## INSTRUCTIONS FOR THE TASK
Give back exactly the line containing "landscape illuminated by" and all that follow it in the data below, with the pictures left out.

Items from a dataset
■ ■ ■ ■

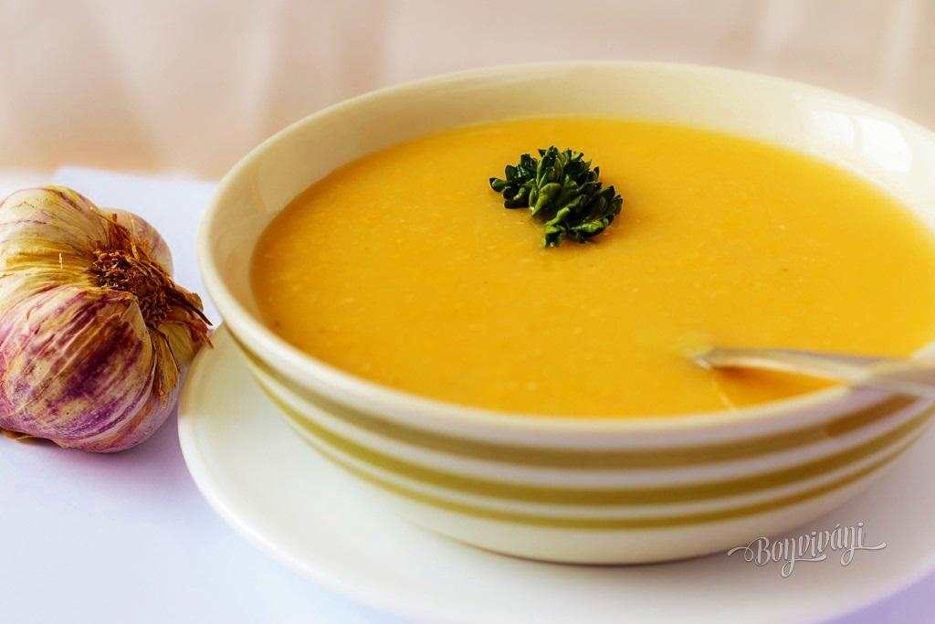 Jednoduchá lacná polievka zo sušeného lúpaného poleného hrachu, so zeleninou, dochutená cesnakom. Zahreje a zasýti.
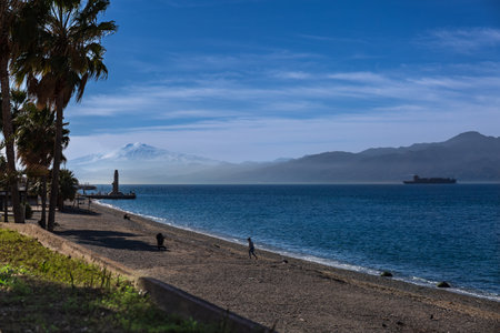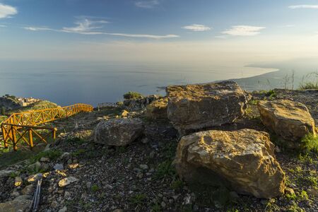 landscape illuminated by morning sun near Reggio di Calabria with island of Sicily and Mount Etna, Italy
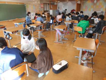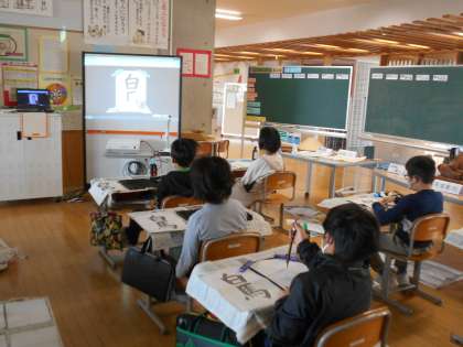 4年生の習字は動画で(中)、5年生の学活は端末で(右)で行っていました。時代です。
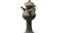 This is a rare bird-shaped button lid with three birds. The central bird is on a three-sided openwork leg and is slightly bent forward. Both sides of the back are flattened and expanded with dotted rows of patterns to represent wings. The two birds on either side have flattened bodies without pedestals, and the upper surfaces are decorated with dotted rows of dots.
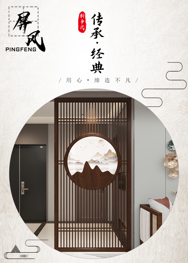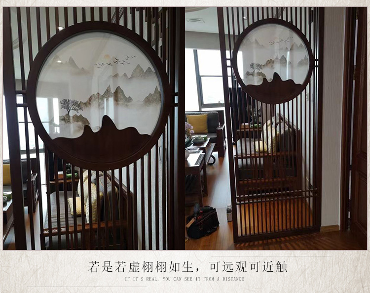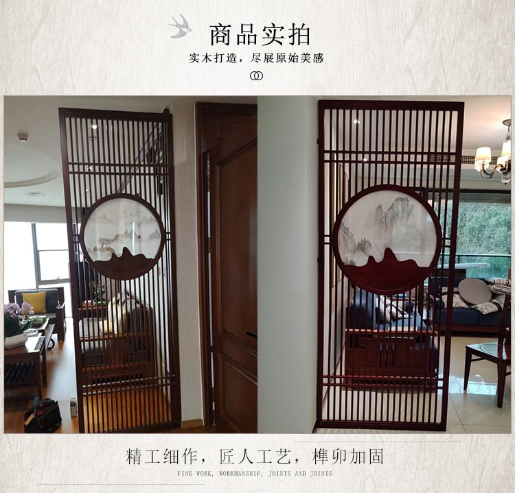 신중국풍 원목 현관 스크린 칸막이 거실 사무실 입구 가림막 격자 장식스토어 가기
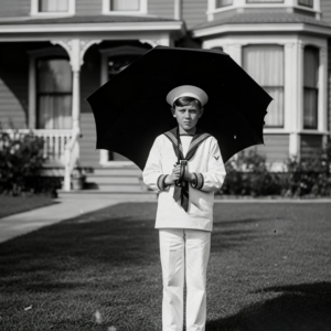 Estás mirando una fotografía tomada en Agosto de 1910. Un niño de unos 7 años. viejo se encuentra solo en lo que parece el Patio delantero de una casa de estilo victoriano. el Viste un traje de marinero formal y sostiene un gran paraguas negro, aunque el La foto fue tomada claramente con una luz iluminada.
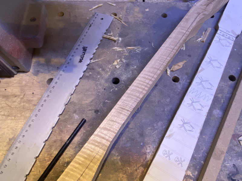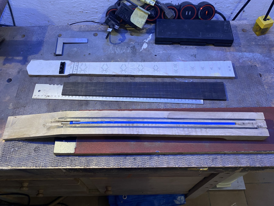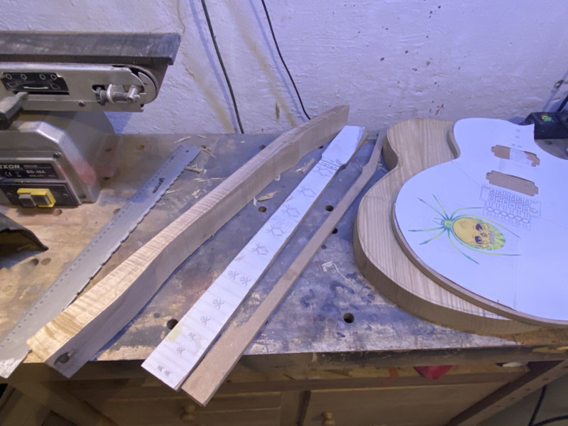 Nun baue ich mir eine Replika davon. Der Korpus wird aus Linde, und der Hals aus Walnuß das ich von Kollege Markus bekommen habe. Das Stück vom Walnußbaum habe ich schon
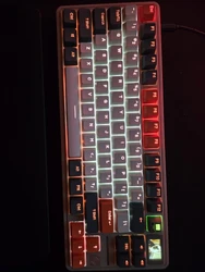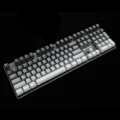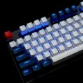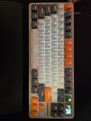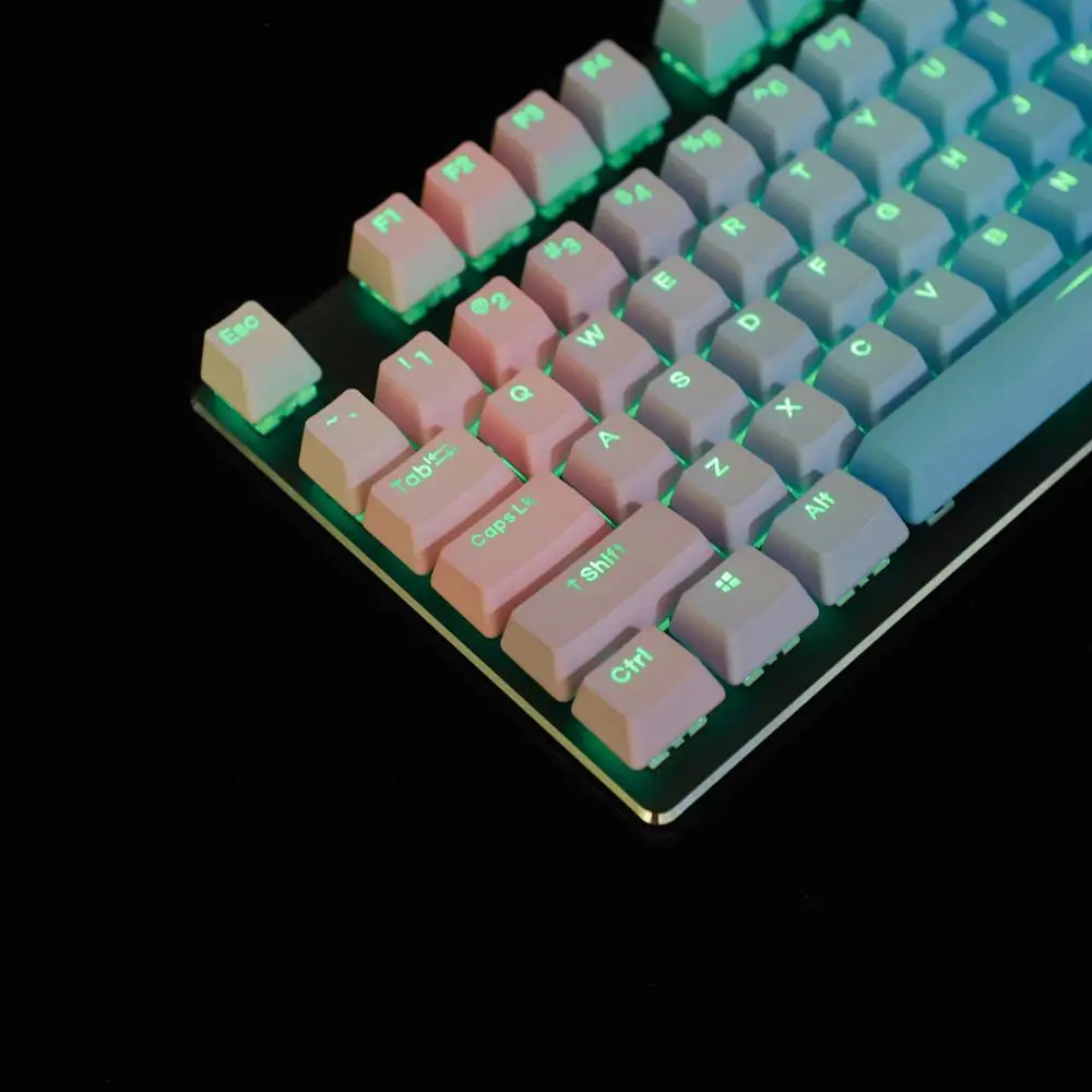 La tapa de la tecla está hecha de material PBT, es de doble disparo y teñido para que pueda dejar pasar el brillo.

■ ■ ■ ■

## PROBLEM SOLUTION
 landscape illuminated by morning sun near Reggio di Calabria with island of Sicily and Mount Etna, Italy
 4年生の習字は動画で(中)、5年生の学活は端末で(右)で行っていました。時代です。
 This is a rare bird-shaped button lid with three birds. The central bird is on a three-sided openwork leg and is slightly bent forward. Both sides of the back are flattened and expanded with dotted rows of patterns to represent wings. The two birds on either side have flattened bodies without pedestals, and the upper surfaces are decorated with dotted rows of dots.
 신중국풍 원목 현관 스크린 칸막이 거실 사무실 입구 가림막 격자 장식스토어 가기
 Estás mirando una fotografía tomada en Agosto de 1910. Un niño de unos 7 años. viejo se encuentra solo en lo que parece el Patio delantero de una casa de estilo victoriano. el Viste un traje de marinero formal y sostiene un gran paraguas negro, aunque el La foto fue tomada claramente con una luz iluminada.
 Nun baue ich mir eine Replika davon. Der Korpus wird aus Linde, und der Hals aus Walnuß das ich von Kollege Markus bekommen habe. Das Stück vom Walnußbaum habe ich schon
 La tapa de la tecla está hecha de material PBT, es de doble disparo y teñido para que pueda dejar pasar el brillo.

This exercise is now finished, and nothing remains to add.